In Bangkok, Only Human builds H168 House as a quiet meditation on Chinese spatial tradition — a home where exposed structure, dark grey brick, and a circular void reframe the relationship between memory, landscape, and domestic life.
H168 House is a thoughtful exploration of Chinese spatial traditions, where architecture emerges as both a vessel of memory and a contemporary reflection on material and structure. Influenced by the owners' lifelong connection to China, the house responds to a desire for exposed structures, materials, and building systems, celebrating the poetics of construction rather than concealing it.
Spatial ideas are drawn from traditional Chinese paintings, analyzed and translated into diagrams, which inform architectural gestures of simplification, axis shifting, and repetition. A conventional moon gate is rotated horizontally and reinterpreted as a circular void framed in steel. Positioned in the courtyard, it mediates the threshold between interior and exterior, allowing trees to extend toward the second-floor balcony, creating a dynamic dialogue between the house and its landscape.

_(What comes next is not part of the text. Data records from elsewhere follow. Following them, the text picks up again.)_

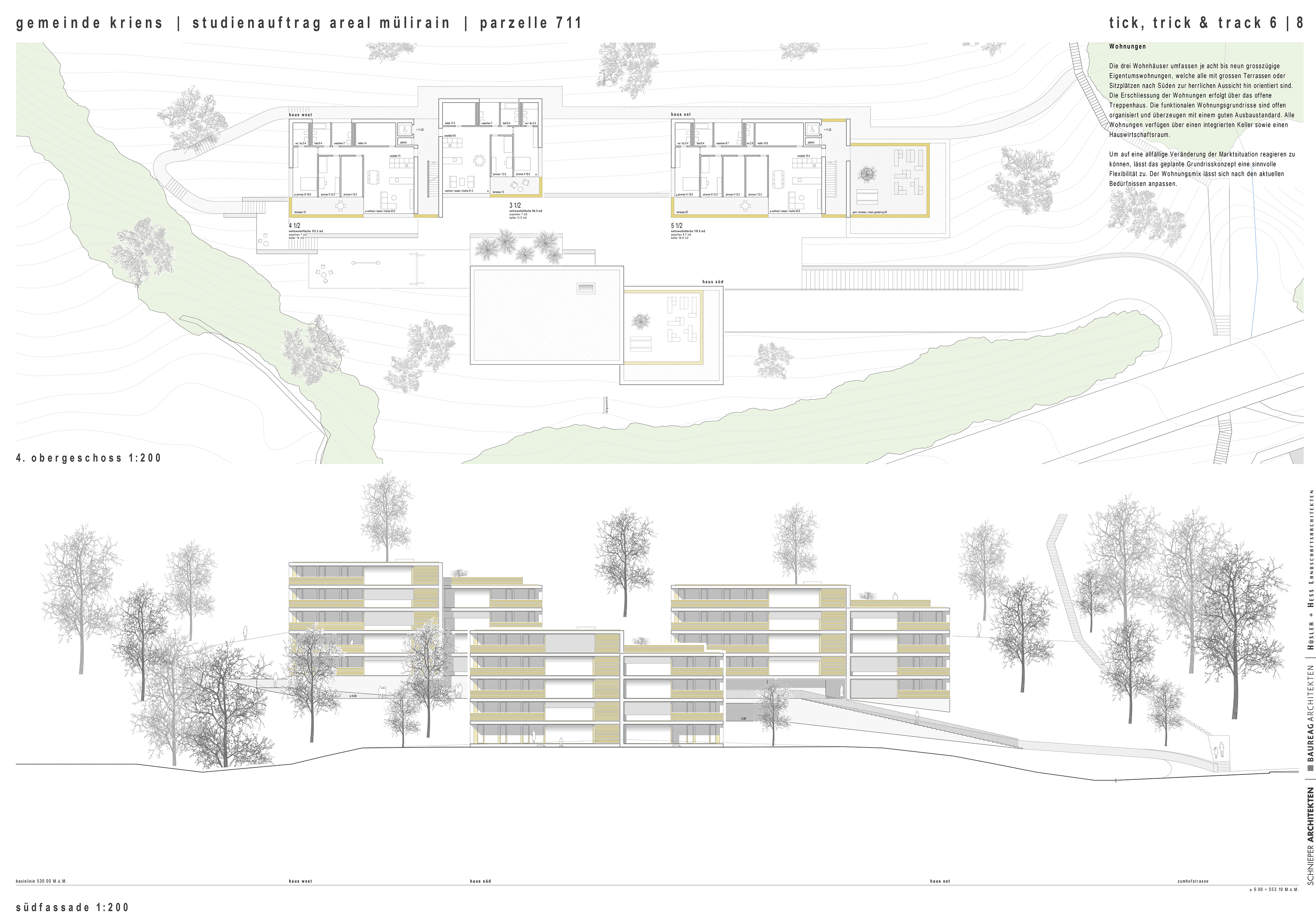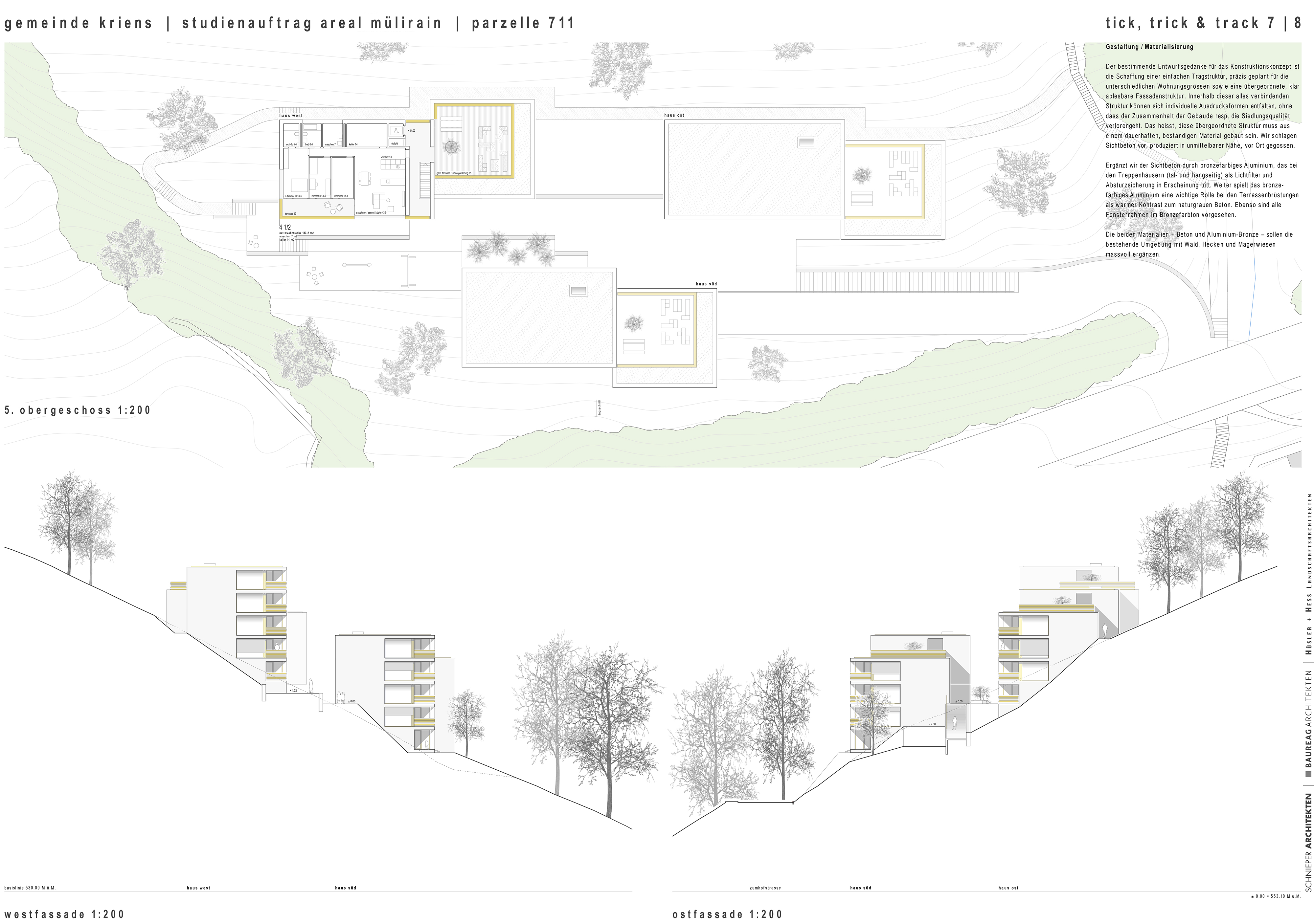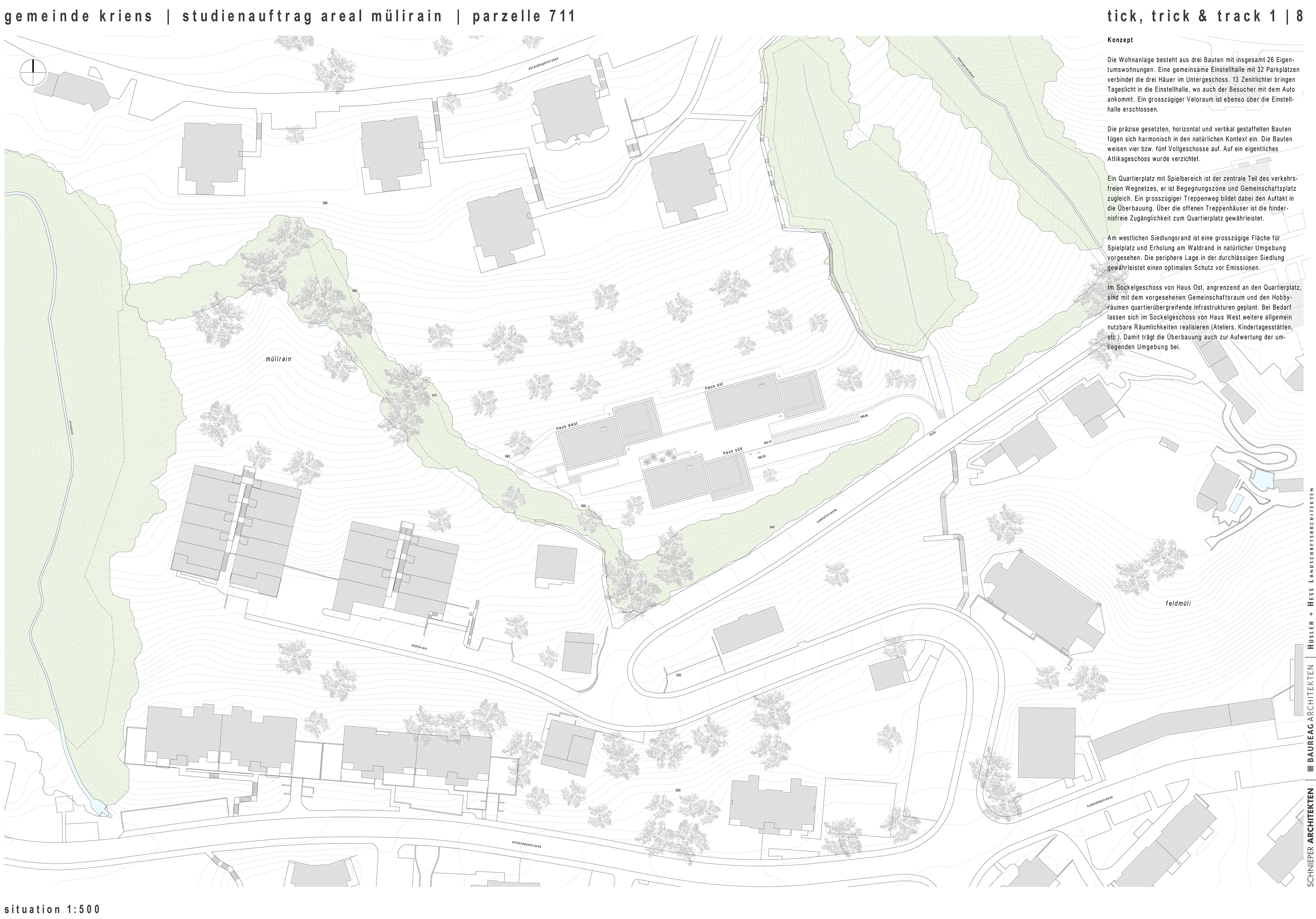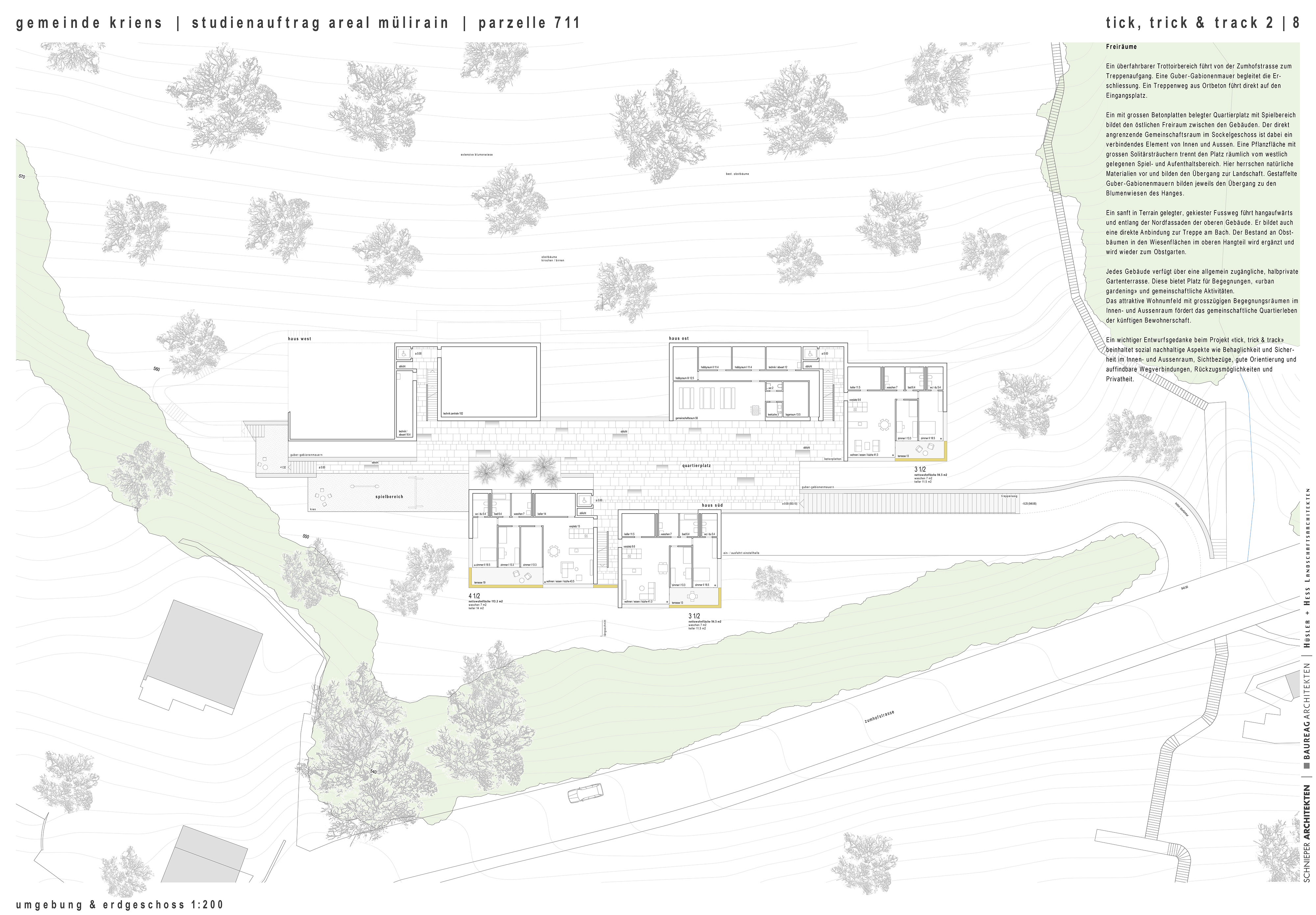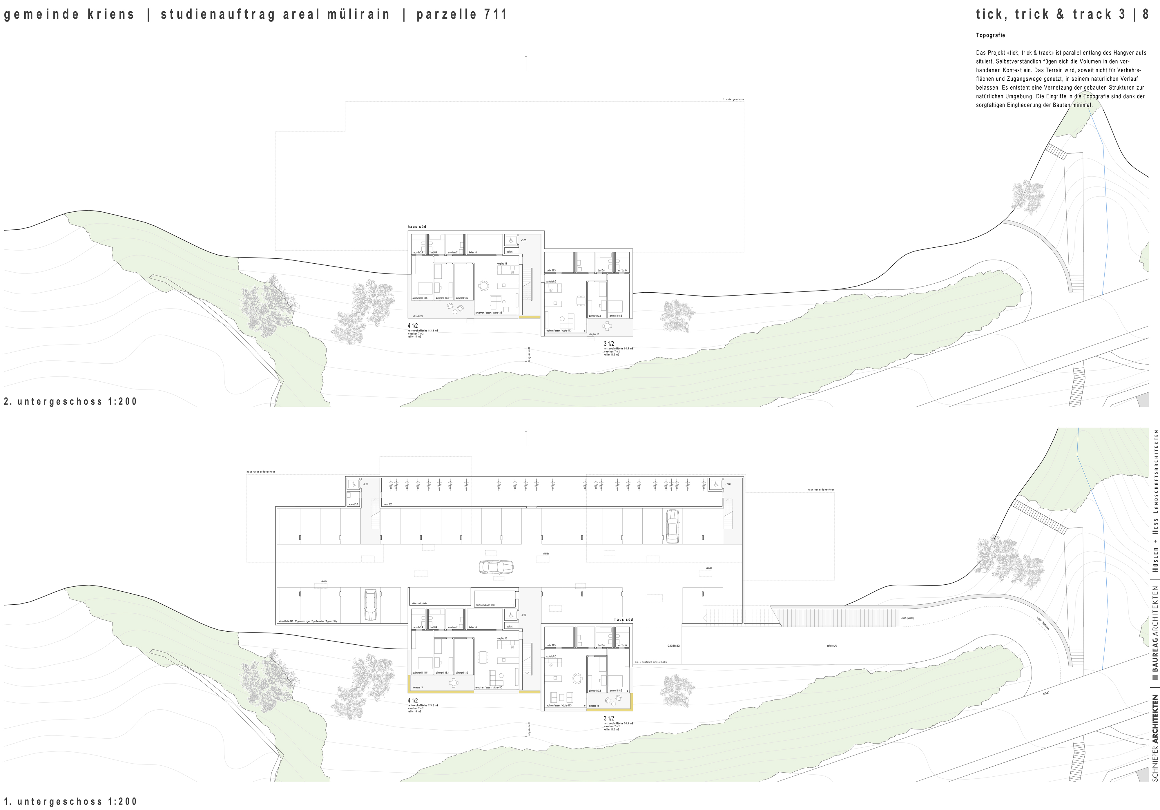 Das Projekt «tick, trick & track» ist parallel entlang des Hangverlaufs situiert. Selbstverständlich fügen sich die Volumen in den vorhandenen Kontext ein. Das Terrain wird, soweit nicht für Verkehrsflächen und Zugangswege genutzt, in seinem natürlichen Verlauf belassen. Es entsteht eine Vernetzung der gebauten Strukturen zur natürlichen Umgebung. Die Eingriffe in die Topografie sind dank der sorgfältigen Eingliederung der Bauten minimal.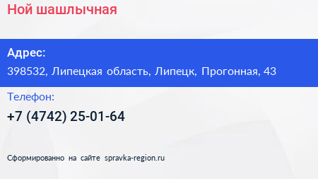 Ной, шашлычная по адресу 398532, Липецкая область, Липецк, Прогонная, 43 в дальнейшем Организация, размещена в следующих категориях: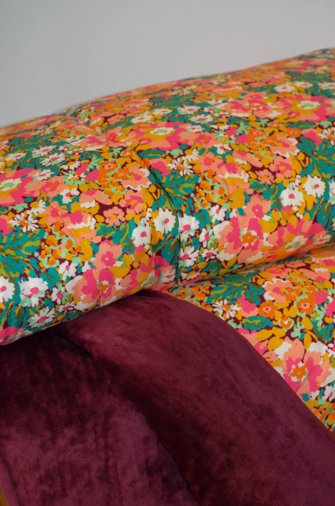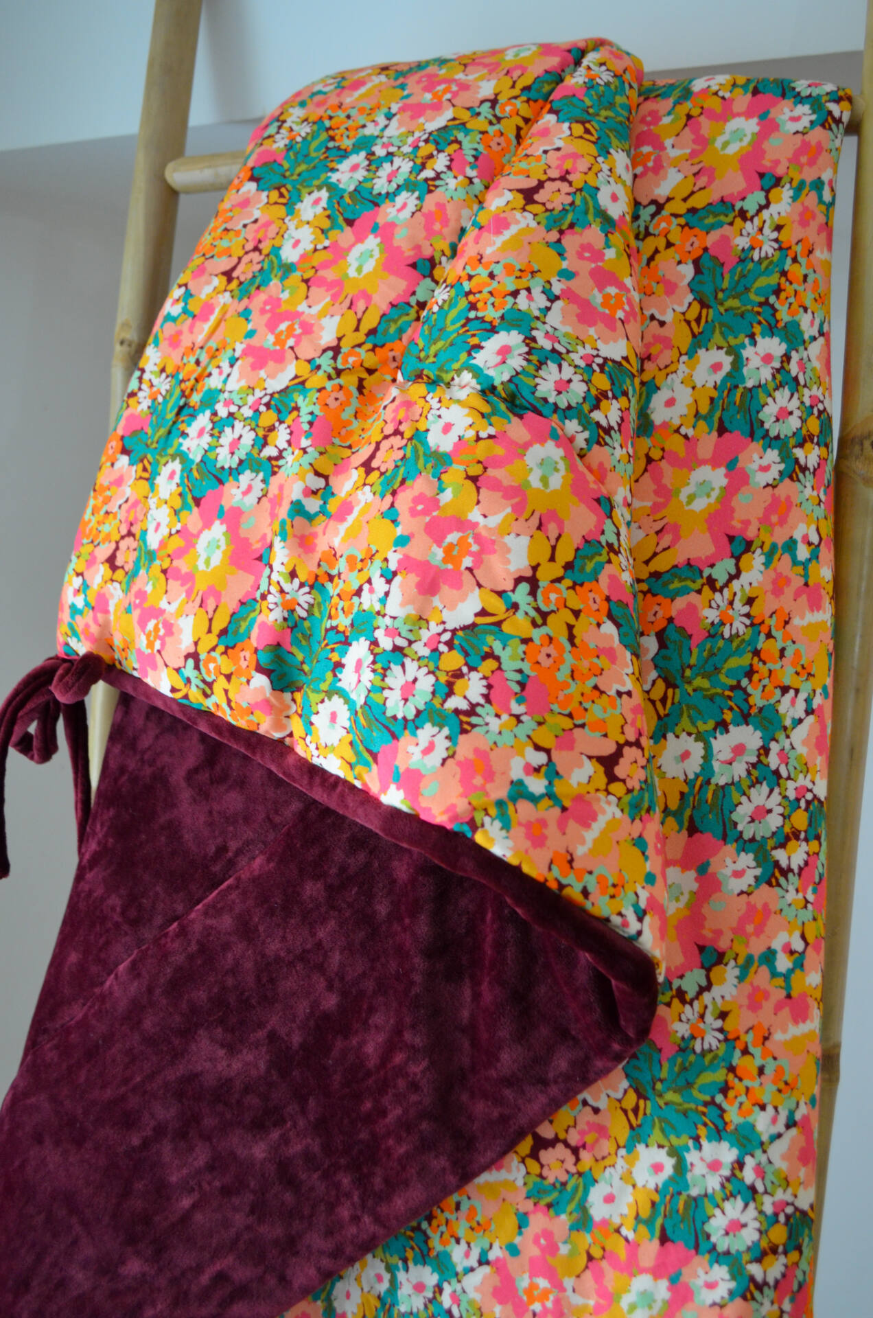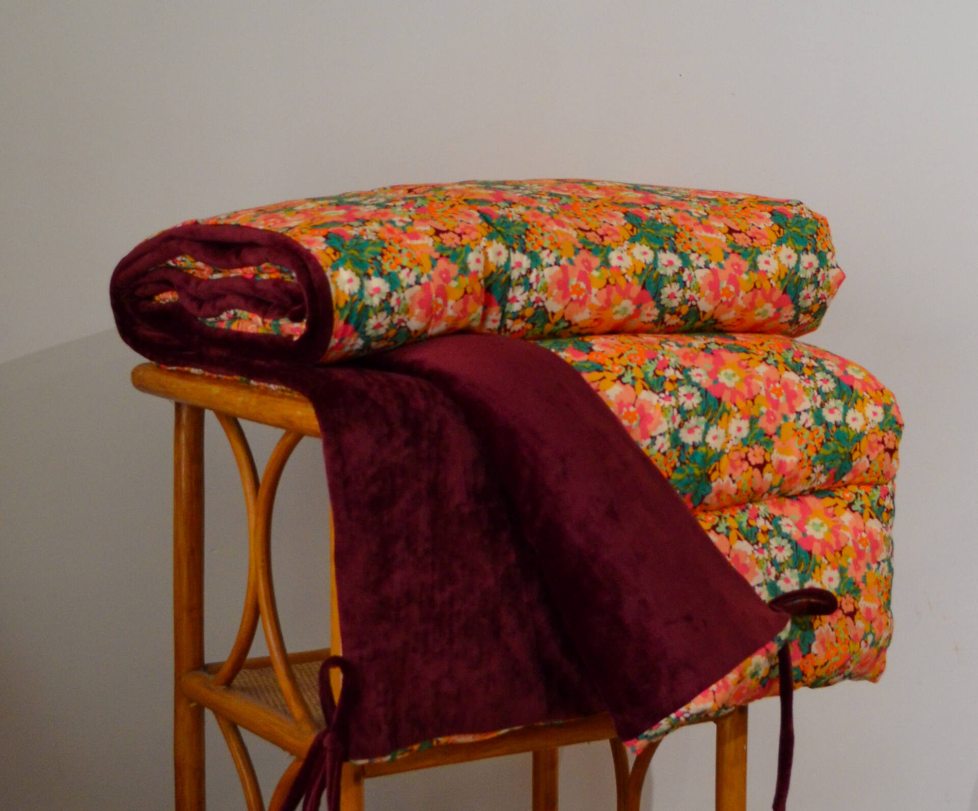 Cette courtepointe prend vie dans l’atelier Maison Velvety, à Montpellier. Chaque modèle est imaginé, coupé et confectionné à la main, en série limitée.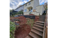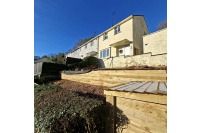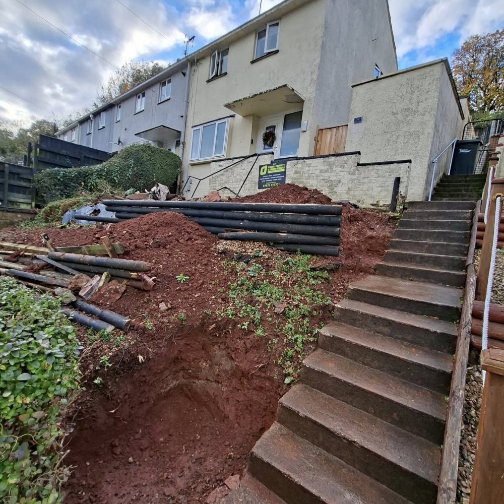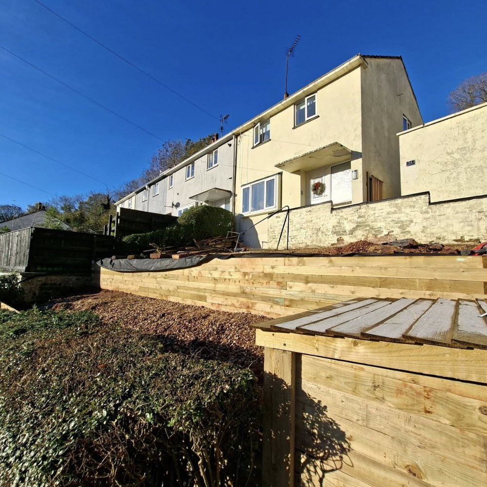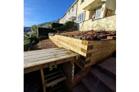 Down in the lower garden, they added a second retaining wall using our half-round timbers, perfectly prepped and ready for the customer to backfill and level off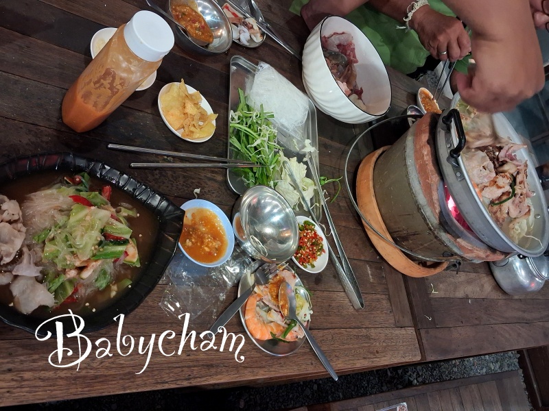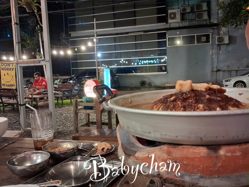 ไม่ได้กินแบบนี้นานมากเลย อร่อยและได้บรรยากาศเก่าๆ จำได้ว่า ก่อนมีครอบครัว พี่ๆเคยสั่งหมูกะทะจากร้าน ก็มีพนักงานขี่รถหอบกะทะและเตามาให้พร้อมกับถ่าน เนื้อสัตว์ ผัก และรายการต่างๆที่สั่ง กินเสร็จก็ไม่ต้องล้าง รุ่งขึ้น พนักงานจะขี่รถมาตามเก็บคืนเอง ...เอ๊ะ แก่แล้วแน่ๆ นึกถึงความหลัง
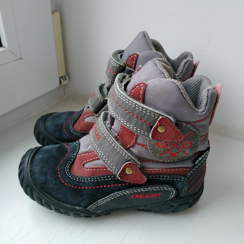 Фірмові демісезонні черевики Geox 25 розміру, дихаюча устілка, 16 см до загину, 16,8 см з загином. Дивіться замір устілки на фото. Матеріал верху натуральна шкіра, натуральна замша. Водонепроникні. Липучки липнуть відмінно. Носилися дуже мало, стан відмінний. Виробник Італія.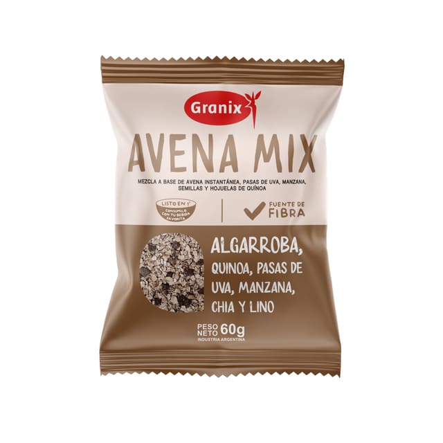 Avena Mix es libre de sellos y está pensada para quienes buscan alimentarse mejor sin perder tiempo: se prepara en menos de un minuto con leche, bebida vegetal o yogurt, y también puede consumirse como avena trasnochada.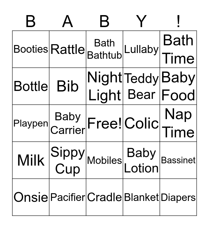 This bingo card has a free space and 24 words: Sippy Cup, Pacifier, Night Light, Onsie, Bath Time, Booties, Bottle, Rattle, Colic, Mobiles, Teddy Bear, Playpen, Baby Lotion, Bassinet, Bib, Blanket, Nap Time, Bath Bathtub, Baby Food, Baby Carrier, Diapers, Milk, Lullaby and Cradle.

Above the second-floor corridor, a full-length skylight with arch-shaped fins introduces a rhythmic sequence, recalling the linearity of classical Chinese colonnades, while guiding movement toward the master bedroom in a choreographed journey through space. Materiality is treated with careful restraint. Concrete provides a neutral backdrop, while imported dark grey brick, characteristic of traditional Chinese architecture, defines the primary tonality, flowing from facades to walls and onto floors.
The alternation of horizontal and vertical brick patterns reduces material consumption while enriching texture and visual rhythm. Exposed structures and building systems are left visible, emphasizing the integrity of construction and the tactile quality of materials.
H168 House embodies a dialogue with time: it references tradition while embracing a contemporary appreciation for material honesty and spatial clarity. The home balances the imperfections inherent in time-honored materials with refined, precise detailing, creating an atmosphere that is both grounded and poetic.